Text to Graph: Automatic Generation of Knowledge Bases (KBs)
Text-to-Graph: Automatic Generation of Knowledge Bases (KBs)
Graph to Text: Text generation from KBs
Graph-to-Text: Text generation from KBs

The text-to-graph (T2G) information transfer is a crucial step for building Knowledge Bases (KBs) from large text datasets. This is a fundamental goal of IBM Research: build intelligent systems to collect, organize, and process information efficiently.

The opposite step of graph-to-text (G2T) transfer is key in presenting the data encapsulated in a knowledge graph into a text form more easily readable by humans.

Figure 1 gives an example of this bi-directional transfer accomplished by our system.

Figure 1:  An example of knowledge transfer where the first two sentences of the abstract of our paper (Dognin, et al., 2021) on top are processed through our ReGen models. First, a knowledge graph is constructed, then it is used as input to generate a paragraph of text using our system (on the right). Note that the generated paragraph captures the original sentences content accurately.
Figure 1: An example of knowledge transfer where the first two sentences of the abstract of our paper (Dognin, et al., 2021) on top are processed through our ReGen models. First, a knowledge graph is constructed, then it is used as input to generate a paragraph of text using our system (on the right). Note that the generated paragraph captures the original sentences content accurately.

The transfer from T2G yields a graph representation of the main facts of the input sentences. The subsequent G2T translation provides another paragraph, distinct from the original input but covering its facts accurately.

This bi-directional transfer of knowledge is a key principle of the Trusted AI Team at IBM Research where we develop tools to make AI more explainable, fair, robust, private, and transparent.

IBM Research introduces ReGen at EMNLP 2021

“Reinforced Generation” is the focus of this new work being presented at EMNL 2021. Our team explored the use of Reinforcement Learning to improve quality of T2G and G2T generation. Reinforced Generation or ReGen allows to improve quality significantly upon traditional techniques.

Our team is composed of Pierre Dognin (tech lead), Inkit Padhi, Igor Melnyk and Payel Das. ReGen code will be released in the companion GitHub repos.

The IBM Research approach

Our approach is composed of several conceptually important steps:

  • Generation tasks (text-to-graph, graph-to-text) are reframed as sequence to sequence (seq2seq) translation tasks.
  • “Graph linearization” turns graphs into sequence of edges our models can process easily.
  • Pretrained Language Models (PLMs) built on large amount of data, such as T5, are fine-tuned on both generation tasks.
  • Both generation tasks are cast into the Reinforcement Learning framework where a reward is attributed to the generated sequence given a ground truth.

Following this approach, we can build task-specialized, or hybrid models allowing generation in both directions, as presented in Figure 2.

Figure 2: Specialized and hybrid models rely on the same losses for fine-tuning.
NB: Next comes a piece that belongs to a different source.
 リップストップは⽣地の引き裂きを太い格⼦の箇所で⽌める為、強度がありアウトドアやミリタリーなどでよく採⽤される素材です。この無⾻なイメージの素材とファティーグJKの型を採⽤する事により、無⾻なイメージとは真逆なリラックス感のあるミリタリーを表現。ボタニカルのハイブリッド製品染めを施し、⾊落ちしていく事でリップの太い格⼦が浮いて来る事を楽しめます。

Specialized models are dedicated to a given generation direction while hybrid models can handle both directions (graph-to-text, text-to-graph).
Figure 2: Specialized and hybrid models rely on the same losses for fine-tuning. Specialized models are dedicated to a given generation direction while hybrid models can handle both directions (graph-to-text, text-to-graph).

In traditional approaches a model is trained by generating sequences that are then scored against ground truth examples, usually using a cross entropy (CE) loss to update the model parameters, as shown in Figure 2.
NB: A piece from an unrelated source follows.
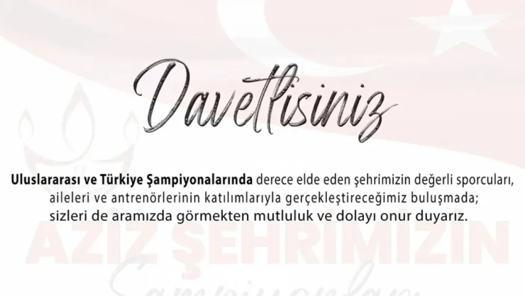 Elazığ Atatürk Stadında düzenlenecek olan törenle ilgili olarak açıklamada bulunan Gençlik ve Spor İl Müdürü Abdulsamet Eren, “Dünya Şampiyonluğu, Avrupa Şampiyonluğu ve Türkiye Şampiyonluğu dereceleriyle şehrimizi gururlandıran sporcularımızın; aileleri, antrenörleriile bir araya geleceğiz. İl Protokolümüzün de katılımlarıyla, başarılarını kutlamak amacıyla düzenleyeceğimiz törende sporcularımızın başarıları ile bir kez daha gururlanacağız. Kutlama etkinliği saat 13.30 da Atatürk stadında gerçekleşecek.” dedi.

Our approach follows a variant of the REINFORCE policy gradient method (Williams, 1992) where the baseline is the reward of the model output under greedy max generation. This is known as Self-Critical Sequence Training (SCST) (Rennie, et al., 2017) where the model serves as its own critic, as seen in Figure 3.
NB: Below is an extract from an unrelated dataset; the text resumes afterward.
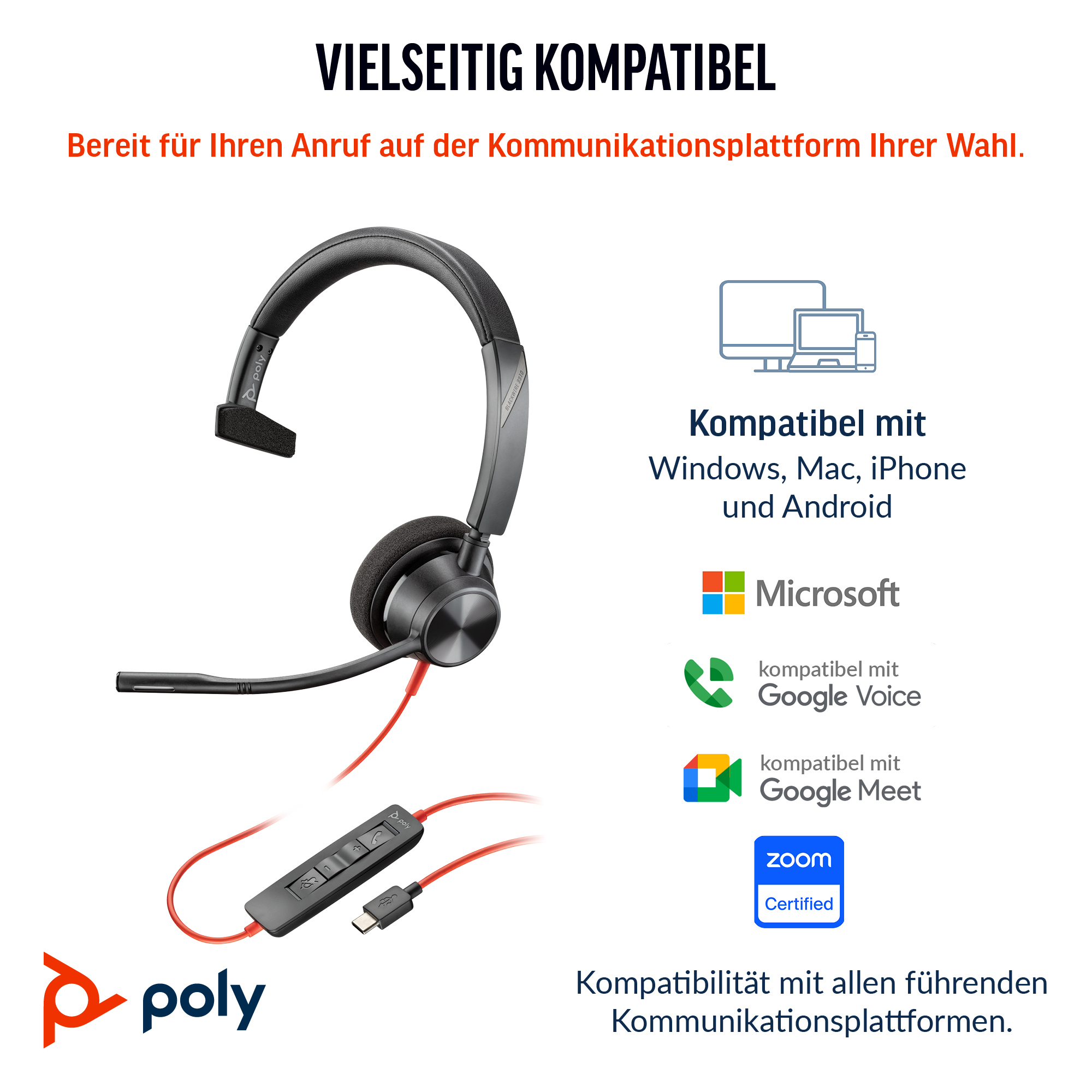 The Poly Blackwire 3310 Monaural USB-C Headset +USB-C/A Adapter boasts a sleek, professional appearance with a matte black finish that complements any office setup. Its lightweight frame and adjustable headband ensure a comfortable fit for all-day use. The single-ear design keeps users connected to their environment while maintaining focus on conversations, making it ideal for busy office or home workspaces.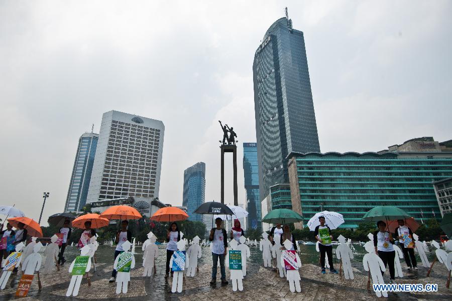 Activists stand next to statues of farmers during a rally marking the World Food Day in Jakarta, Indonesia, Oct. 16, 2014. (Xinhua/Veri Sanovri)

Figure 3: ReGen models are trained using Self Critical Sequence Training which is a policy gradient method where the baseline is the reward of the output of greedy-max generation p*, the model acting as its own critic. ps is a sampling of our policy that allows for exploration during training. The policy p is initialized to a large T5 PLM to ensure stability.
Figure 3: ReGen models are trained using Self Critical Sequence Training which is a policy gradient method where the baseline is the reward of the output of greedy-max generation p*, the model acting as its own critic. ps is a sampling of our policy that allows for exploration during training. The policy p is initialized to a large T5 PLM to ensure stability.

A large Pretrained Language Model (such as T5) is used as a good starting point for our policy. This is to enable stable training using our policy gradient method. Rewards are modality dependent (graph, text) and must not only capture the information content but also the structure validity of the generated sequence — this is particularly important for directed graphs which require a very constrained structure.

Examples of generation

We provide two working examples of T2G and G2T generation. The examples emphasize the benefits of using ReGen, our RL-based method, compared to using traditional CE-based methods of fine-tuning. In Figure 4, for both examples, the input sample is at the top. Below on the left, we provide the ground truth (in gray), while generated outputs for ReGen-CE and ReGen-RL are provided on the right in color (orange for CE, blue for RL). We can see that for these two examples ReGen-RL allows a more enriched, precise transfer.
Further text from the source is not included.